Paul then downloaded a bootleg copy of the software from who knows where and did a “quick run-through” in a second blog post. In that post, as an aside, he writes:

More, but not all, of the settings in Control Panel have been ported to the Metro-based PC settings, yet another indication that the desktop environment is on the way out.

There. That’s the line that has my colleague so concerned about the future of Windows.

Of course, I am just a wee bit concerned that his concerns about the future of Windows are less than sincere. This is, after all, the same man who earlier this month wrote Five reasons why Windows 8 has failed, following in the footsteps of his Five ways to skip Windows 8 (July 2012) and Five ways to avoid Windows 8 (May 2012) and Five Reasons why Windows 8 will be dead on arrival (February 2012).

Hmmm. I detect a pattern here.

In the same spirit as those posts, let me lay out the five reasons why the Windows desktop is not going away.

1. Four million desktop apps need to run somewhere. Back in 2010, at the International CES in Las Vegas, Microsoft CEO Steve Ballmer noted that four million desktop programs run on Windows 7. All of those programs run on Windows 8, too. Backward compatibility is the lifeblood of Windows. The idea that those legacy apps will be orphaned in a single release is ludicrous.

2. Corporate customers and OEMs would mutiny. Corporate customers need to write custom apps that run on Windows. Those apps need to do things that aren’t possible in the highly constrained Windows 8 app model. And those corporate customers with their volume licenses pay billions of dollars in license fees to Microsoft every year for Windows. Say what you want about Steve Ballmer, but don’t try to tell me he’s going to willingly give up one of Microsoft’s most lucrative revenue streams. And if you think that, well, then you probably think Richard Stallman is next in line to be Chief Technical Officer of Microsoft.

3. Refactoring old-fashioned dialog boxes into a more touch-friendly interface is an evolutionary step. The whole point of Windows 8 is to enable touch as a primary user input mechanism, alongside the mouse and keyboard. That makes it possible for Microsoft’s PC-building OEM partners to build hybrid devices that can smoothly shift from conventional PC to tablet and back again. (I looked at three such devices just a few weeks ago.) In the first release of Windows 8, a limited selection of Control Panel functions were converted to the new modern/Metro UI. Did anyone not expect that the long-term goal was to move more and more of these functions to the modern UI? Yes, that means the old desktop Control Panel is being deprecated, and that Windows users will probably need to drop to the desktop less often in Blue. It doesn’t mean the desktop is vanishing.

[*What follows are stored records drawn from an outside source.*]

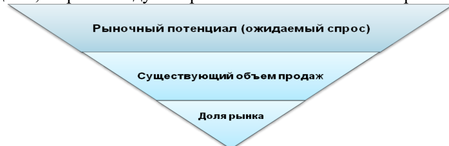
Рисунок 2 - Емкость и доля рынка

Целевая доля рынка может быть использована в проекте как основание для прогноза объема продаж. Если же ожидаемый объем продаж рассчитан другими методами, то рекомендуется рассчитать на его основе прогноз доли рынка.
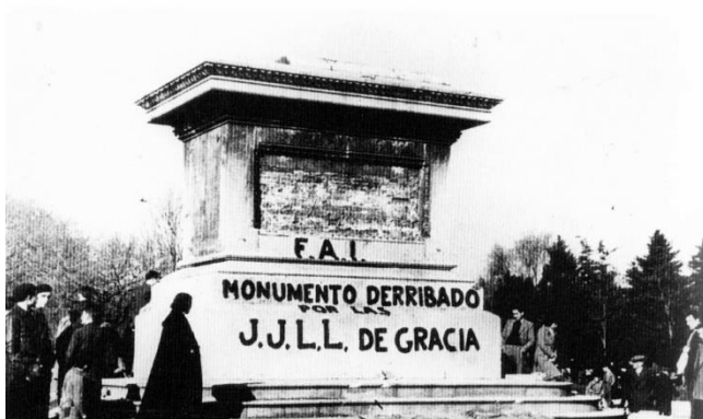
Estatua ecuestre de Prim derribada por la FAI.
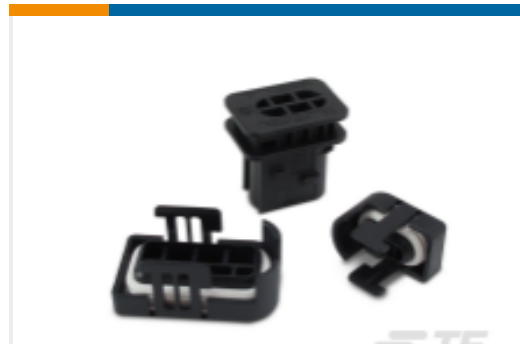
TE 产品编号2112300-1 重型密封系列连接器保护帽
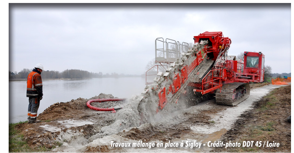
Travaux mélange en place à Sigloy

Ce programme pourra être adapté en fonction des conclusions de l'étude des vals du giennois en cours de réalisation ■
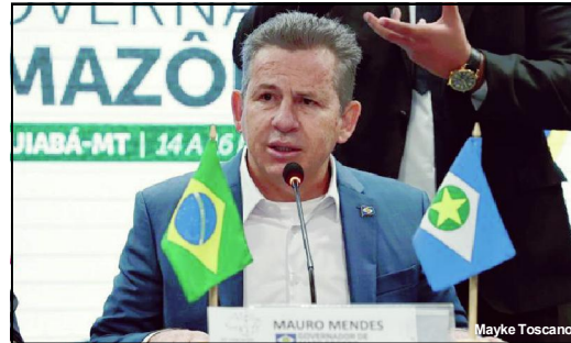
Pontuação do governador foi analisando reforma tributária

Conforme estudo realizado pela Secretaria de Estado de Fazenda (Sefaz), os preços de diversos produtos da cesta básica e da carne poderão sofrer aumentos significativos caso o texto da Reforma Tributária seja
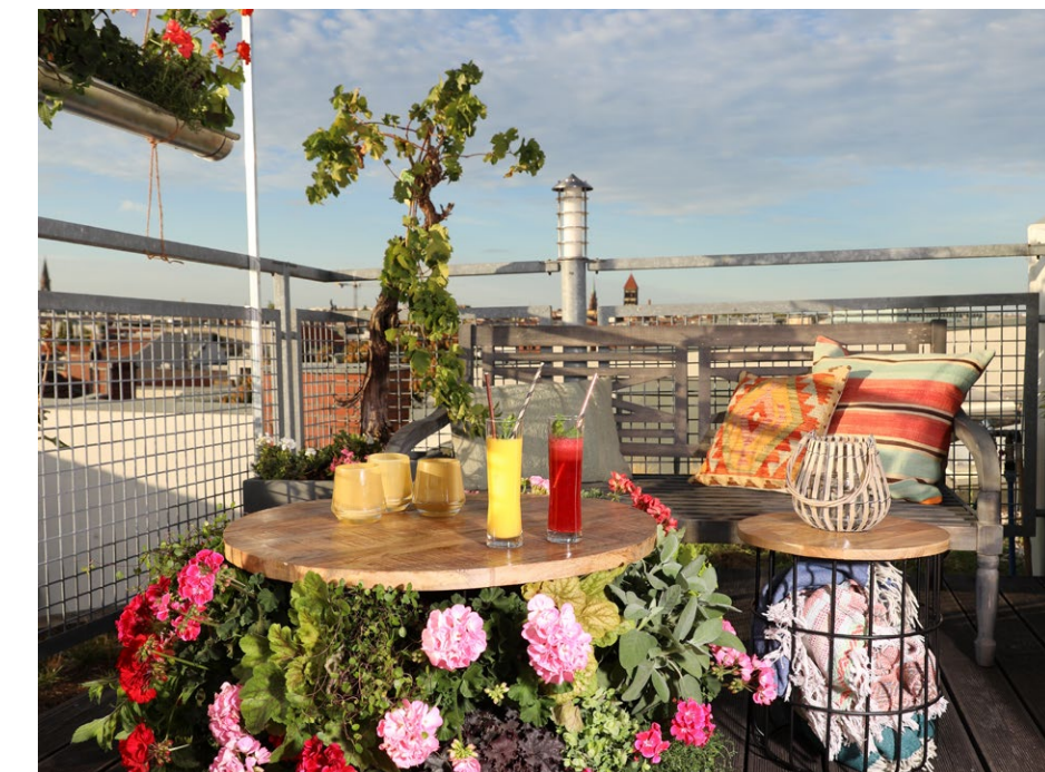
Eine blühende Terrasse hoch über den Dächern der Stadt. Es gibt wohl kaum einen schöneren Ort, um den Sommer in der City zu geniessen.

WER EINEN BALKON MIT BUNTEN PFLANZEN UND ATTRAKTIVEN GEFÄSSEN GESTALTET, SCHAFFT EINEN ZUSÄTZLICHEN LEBENSRAUM. SOLCH HOCHWERTIGE UND INDIVIDUELLE WOHLFÜHLOASEN BIETEN ERHOLUNG UND ENTSPANNUNG AUF KLEINSTEM RAUM.
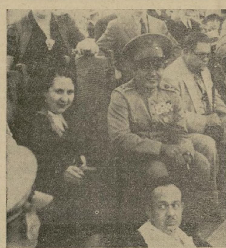
El coronel Fulgencio Batista, "hombre fuerte" de Cuba presencia acompañado de su esposa el primer juego de una serie entre el equipo "del 124" Cuerpo de Artillería de Chicago y el equipo del ejército cubano.
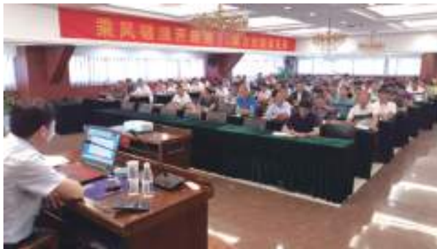
开展安全教育培训

事故的发生是安全隐患积累的必然结果,任何事故都有一个从产生隐患、酝酿发展到偶然触发的过程。
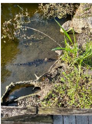
大学近くの湖、ワニが見られます
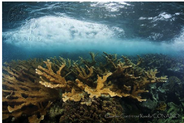
FIGURA 3. En la imagen se aprecia al coral cuerno de alce en el PNAX, una de las especies ecológicamente importantes por participar en la formación inicial de los arrecifes de coral

Diploria spp. ), estrella ( Siderastrea spp. ), dedos ( Porites spp. ), cuerno de ciervo ( Acropora cervicornis ) y cuerno de alce ( A. palmata ; Conanp, 2004; Ruiz-Zárte y Arias-González, 2004); estos dos últimos corales son considerados los principales constructores del arrecife (Lighty, Macintyre y Stuckenrath, 1982). Además de ello, el PNAX resguarda el segundo parche de coral cuerno de alce más grande de Quintana Roo (García-Salgado, Nava-Martínez y Samos-Falcón, 2013) (figura 3).

4. Removing the desktop would be more trouble than it’s worth. Many hundreds of thousands of words have been written about the complexity of Windows. Windows developers have spent years making the OS simpler, and more modular, with some success. But ripping out the desktop completely is, if not impossible, at least highly unlikely. Maybe in a decade the need for the desktop will vanish. But that day won’t come this year or next.

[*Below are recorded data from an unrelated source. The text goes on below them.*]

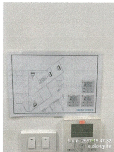
รูปภาพที่ 2.36 ป้ายเส้นทางอพยพหนีภัย
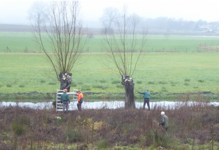
Landschapsbeheer snoeit wilgen aan de dijk in Megen in 2017

Elly van Doorn Gebiedsbeheerder Waterschap Aa en Maas
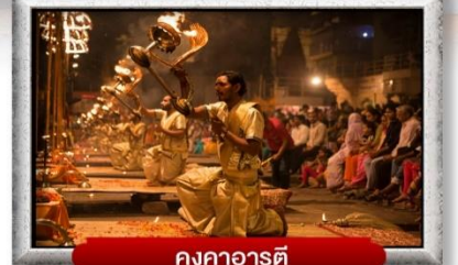
คงคาอารตี
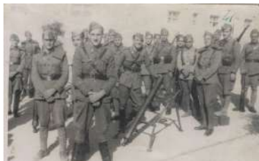
► 15. Soldados, desconodios. Anotación: 41. 1936-39.
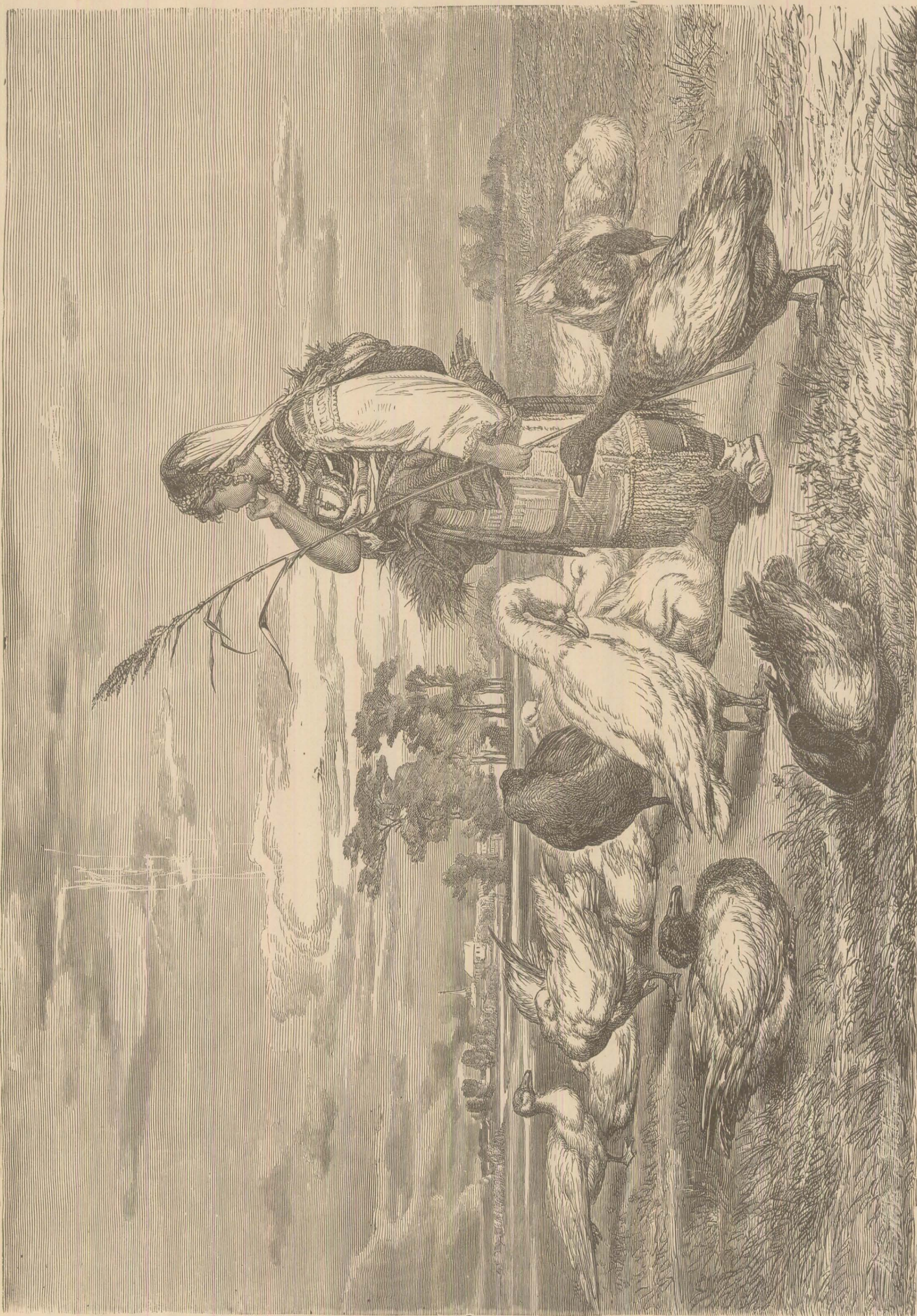
O fată ce pasce găsele.

5. Microsoft already has a “no desktop” option: Windows RT. When Windows 8 shipped last October, Windows RT shipped right alongside it. Microsoft is committed to both platforms. One has the ability to run Windows desktop apps; the other doesn’t. Does anyone really believe that Microsoft would dump the OS that sold 60 million copies in its first two months and put all its chips on the one that has sold perhaps a million or two copies in the same period? If so, I want to play poker with you.

As for the leaked build of Blue, all we have so far is a superficial analysis of some UI changes. We don’t know what’s new in the WinRT APIs. We don’t know what changes have been made to the storage subsystem or the security model or the kernel or any of the other crucial Windows internals. For that news, we’ll have to wait just a few months, for the just-announced Build 2013 conference.

Meanwhile, I’m going to predict that bloggers who’ve been hating on Windows 8 and its radical new interface since the day it was announced are going to be dissatisfied with anything Microsoft does with the next version of Windows.

And now, if you'll excuse me, I'm going back to the beach.